The top thunked into Ivy's head.

She squealed as up, down, left and right turned into a hailstorm of sensations. The sides of the duct hit her on all sides and she really couldn't tell if she was falling downwards, or upwards.

Every impact jarred her, leaving her in a swirling chaos of sensations. Overwhelmed, she tumbled and twirled without any chance at finding a handhold or anything at all.
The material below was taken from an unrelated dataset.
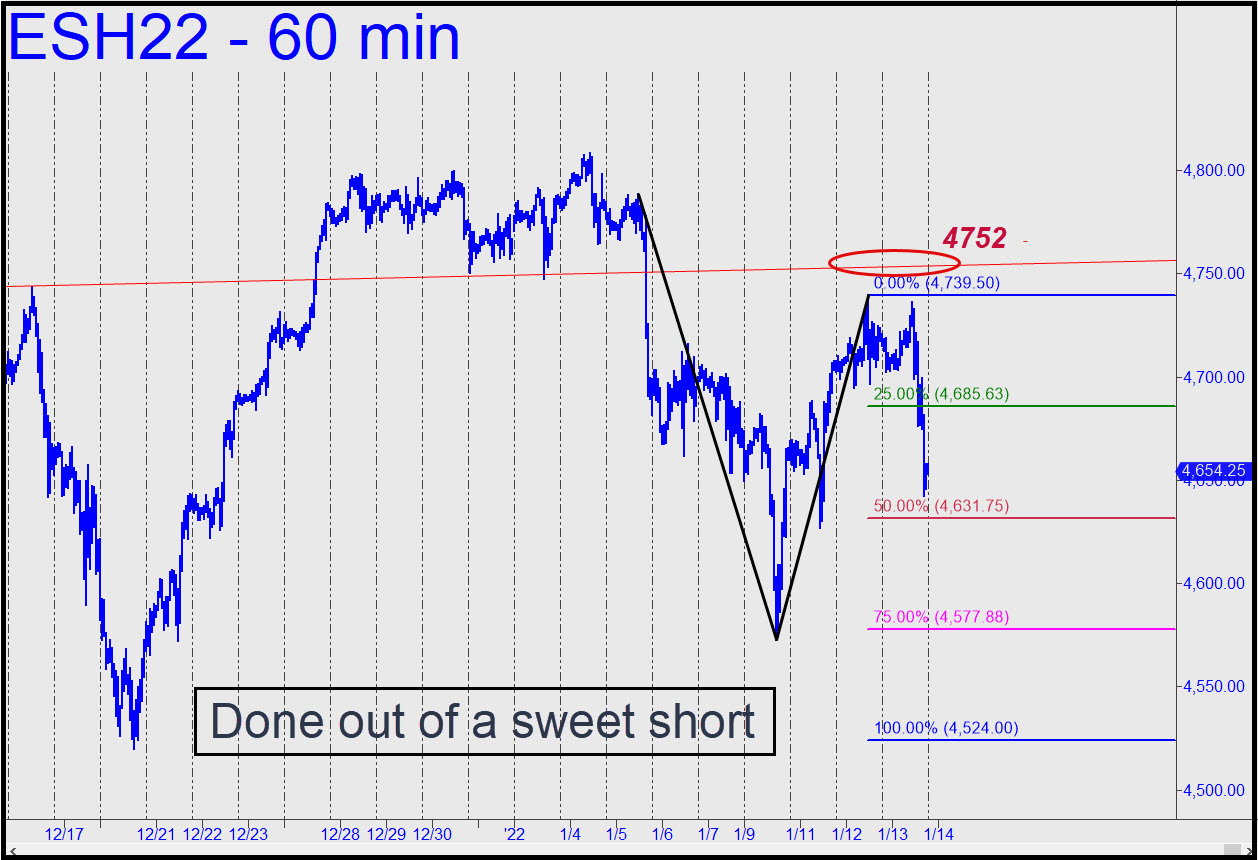 The supply-and-demand logic of the chart shown predicts a potentially important top at 4752.00. This is not a Hidden Pivot resistance, but rather a price along a trendline that explains itself. The very gentle slope of the line is determined by two peaks where anyone who bought got crushed by what happened next. All of these losers have been praying for the last month or so to get out ‘even’, and they may just get their wish. But I doubt they’ll come away with much of a profit, since there’s a dome of copious supply just above the line (which can be shorted with a stop-loss as tight as you can handle.) There is no way buyers will get past the trendline on the first try, and if their efforts continue for a few more weeks, that would eventually create a head-and-shoulders pattern. It would require perhaps 20-25 days to accomplish this, assuming the right shoulder develops with the symmetry common to H&S formations. The foregoing doesn’t negate the 4907.75 bull-market target I’ve been drum-rolling here for quite a while, but it does give us a more modest objective that could prevent an important downturn from somewhere shy of 4907.75 from catching us unawares. _______ UPDATE (Jan 13, 6:43 p.m.): We got chumped out of an enticing short when buyers failed to push this hoax up to the trendline. The line seems too eclectic to have been front-run, but we’ll never know for sure. There’s still tons of resistance there in any event, so we’ll have to figure out another way to get short if and when the futures rally back up to the line. In the meantime, I expect a tradeable bounce from very close to p=4631.75 in this chart to confirm the pattern and its 4524.00 downside target. Let’s see how sellers interact with these ‘hidden’ supports before we try to determine whether bears are starting a major offensive. _______ UPDATE (Jan 14, 8:46 a.m.): Sellers have trashed p=4631.75 this morning ahead of the opening, implying weakness is growing. Still, don’t underestimate DaBoyz, who are running the same scam they use every day in AAPL — i.e., taking index futures down to a low where sellers have exhausted themselves before or shortly after the regular session begins. The short-squeeze bounce this tactic is likely to create in the first half of the session should be shorted, albeit carefully. Whatever happens as the week draws to a close, I very strongly doubt that DaSleazeballs will be able to fake buoyancy when stocks resume trading on Sunday evening.

Just as Ivy was on the verge of giving up, and giving into the sickening twist inside her stomach, she hit the absolute flatness of the floor. Then she threw up.

Green bile and yellow dust pasted itself to the floor in front of her with a disturbing luminescence. She peered around in the weak darkness, groggy and feeling like her eyes might still be dancing, when she saw a large metallic box.

Ivy cringed, moving weakly to a crouch, before somehow finding herself upright. She staggered over to the container, not really remembering how she managed to get out of it. She moved her hands around, feeling for switches, buttons, or anything mechanical.

Something sharp touched the base of her spine, and an angry and husky voice spoke in her ear, "What do you think you're doing?"

Ivy squeaked, and then coughed and tried again. "Trying... To save you?"

She was spun around, and two warm arms immediately wrapped around her. Talia's bell pressed painfully into Ivy's chest as the bovine gave her the tightest hug of her life, whilst letting out a deep and long lowing.

Ivy gave her a quick squeeze, "I am so happy to see you. But... Things are kinda..."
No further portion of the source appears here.